In the top or external layer natural or synthetic oils may be used provided they are within the range of specific gravity and refractive index in order to enhance the depth-in-gloss values. Suitable materials include mineral oils, silicone oils, vegetable oils, cotton seed oil, etc.
Optional ingredients for incorporation into any specific layer or every layer of the film coating would be determined by the ultimate use desired. Emulsifiers or surfactants are selected for their ability to decrease the surface tension between the layers and their effect on the overall viscosity, refractive index, and specific gravity of either layer. It should also be noted that the liquid polysiloxane copolymer layer and the liquid dimethyl silicone layer may contain emulsifier or surfactant or may form an interface between the layers. The latter occurs in the present invention with the water repelling fluorinated polymer. It is preferred that added amounts of emulsifier or surfactant to be minimal so as to minimize the possibility of undesirable effects. Furthermore, the polysiloxane copolymer component of the present invention functions as an emulsifier.

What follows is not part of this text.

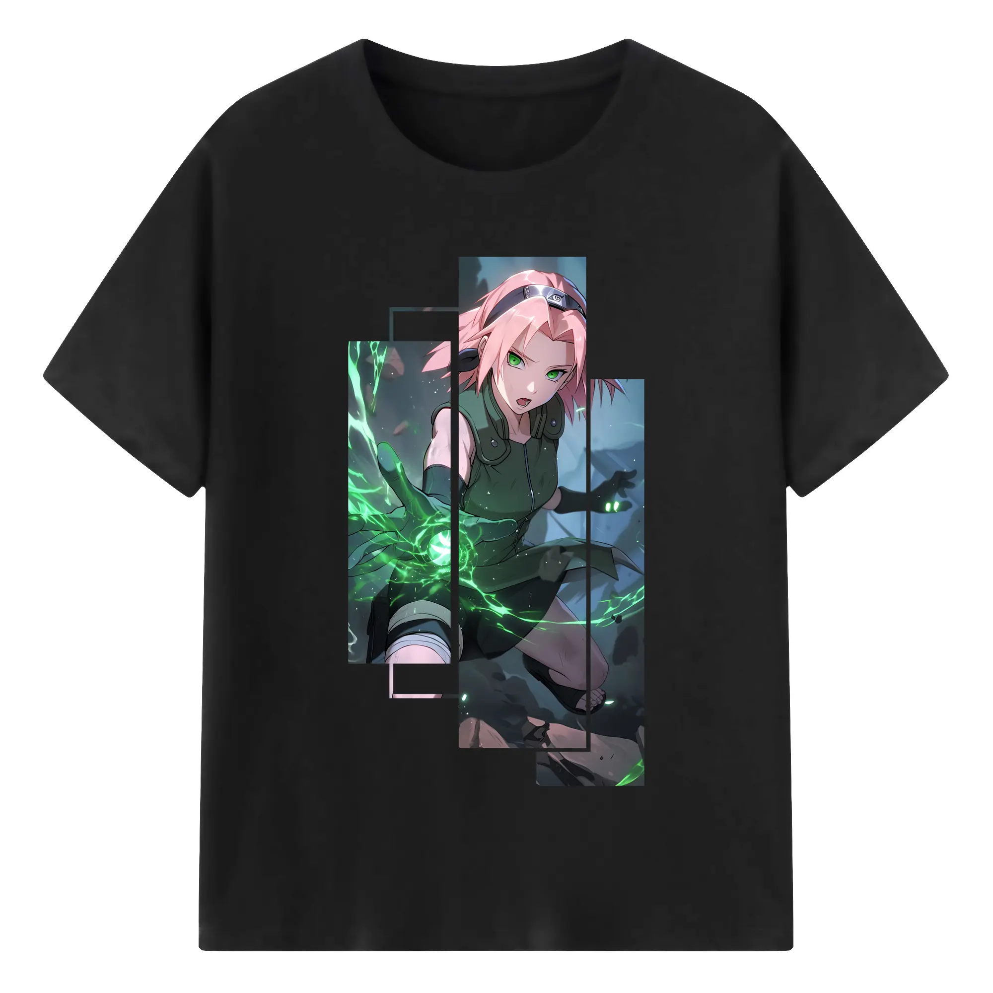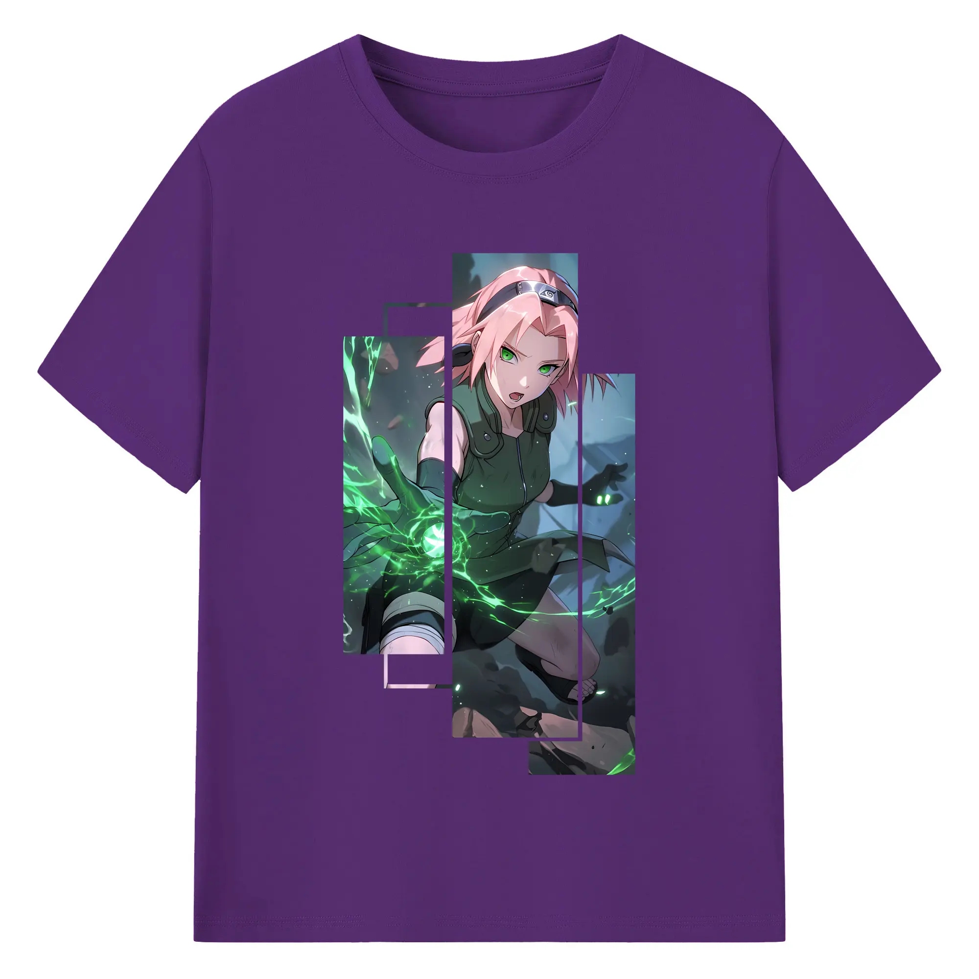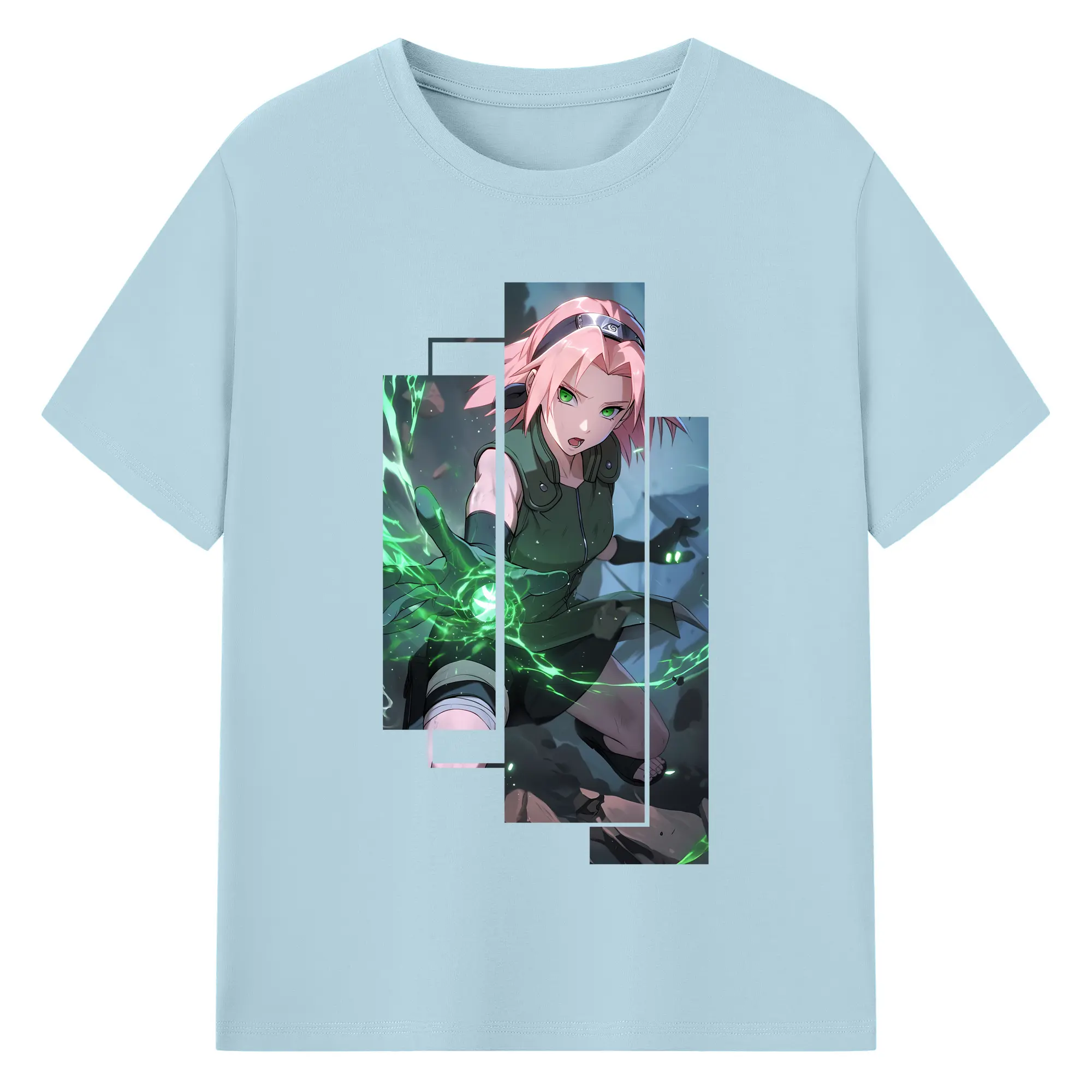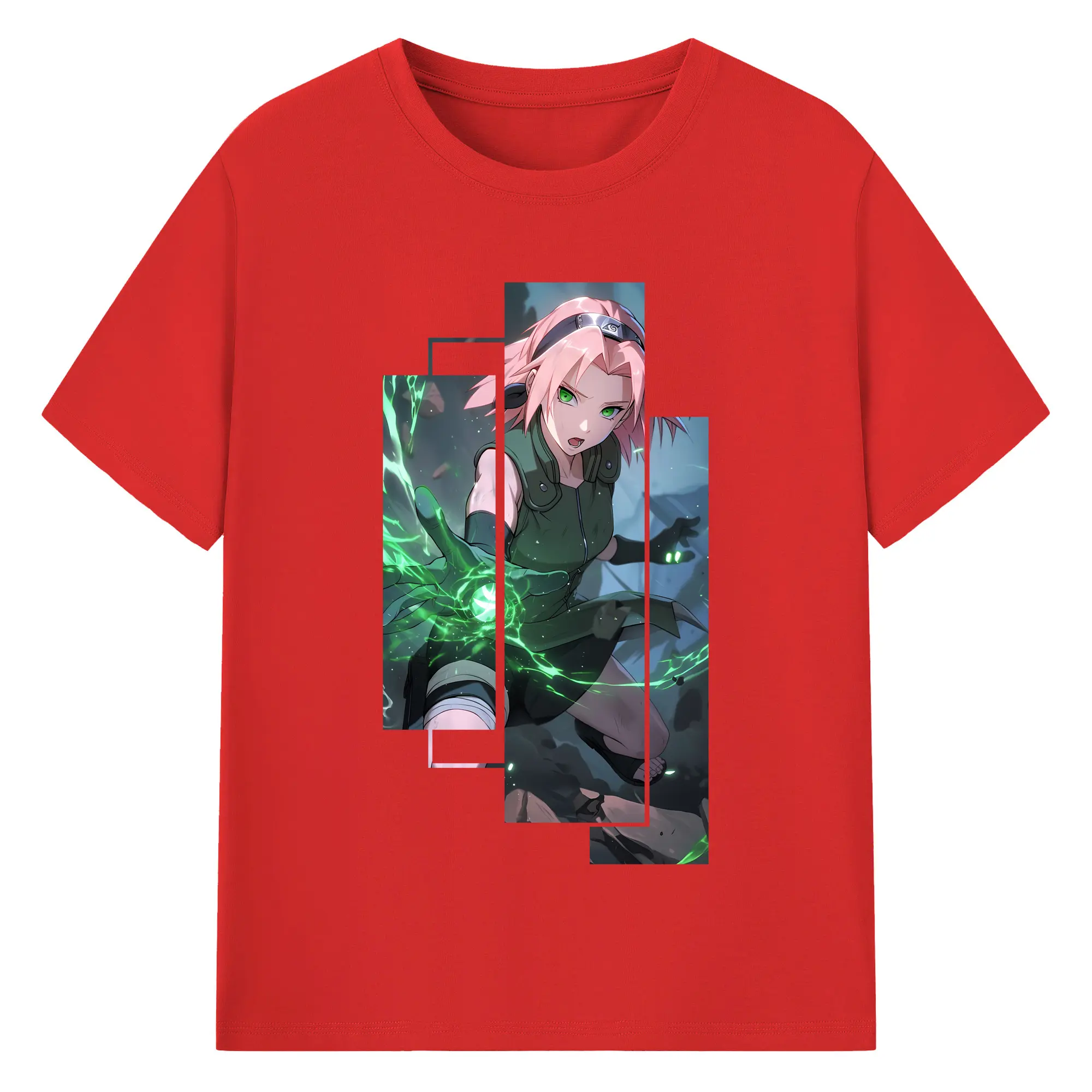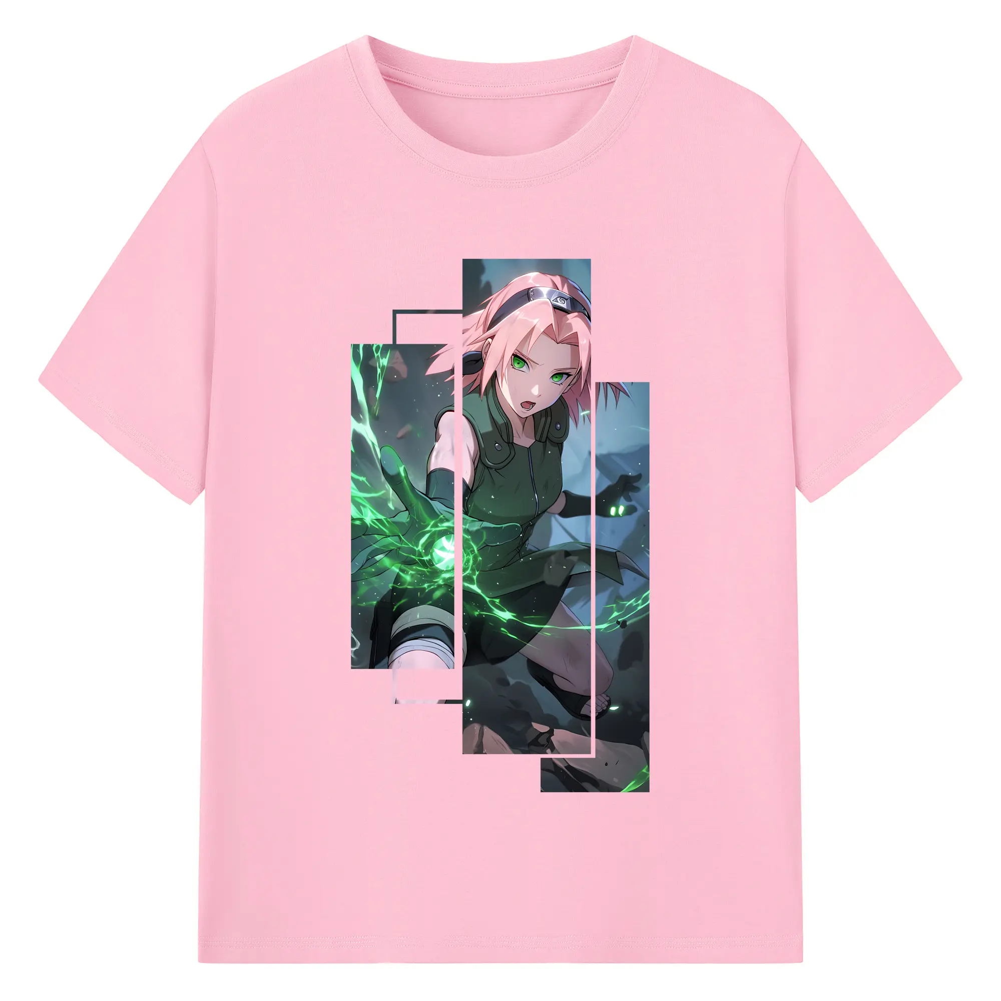 ナルト グッズ はるの さくら - 綿100% 半袖Tシャツ ・ バックプリント ・ 快適 通気性 ・ 日常使い 散歩 スポーツ用

The coating compositions of the present invention can either be oil-in-water dispersion or water-in-oil dispersion. The term "dispersion" as used herein broadly encompasses systems wherein the oil phase as an emulsion, as a colloidal suspension, as a solute, or a combination thereof, i.e., partially in solution and partially in emulsion form.
In accordance with the present invention suitable solvents include water and conventional hydrocarbons solvents. A wide variety of commercially available isoparaffinc hydrocarbon solvents are available and preferred because they are odor free. Other suitable hydrocarbon include hexane, heptane and "Stoddard" solvents. The various hydrocarbon furthermore, can be used individually or in mixtures.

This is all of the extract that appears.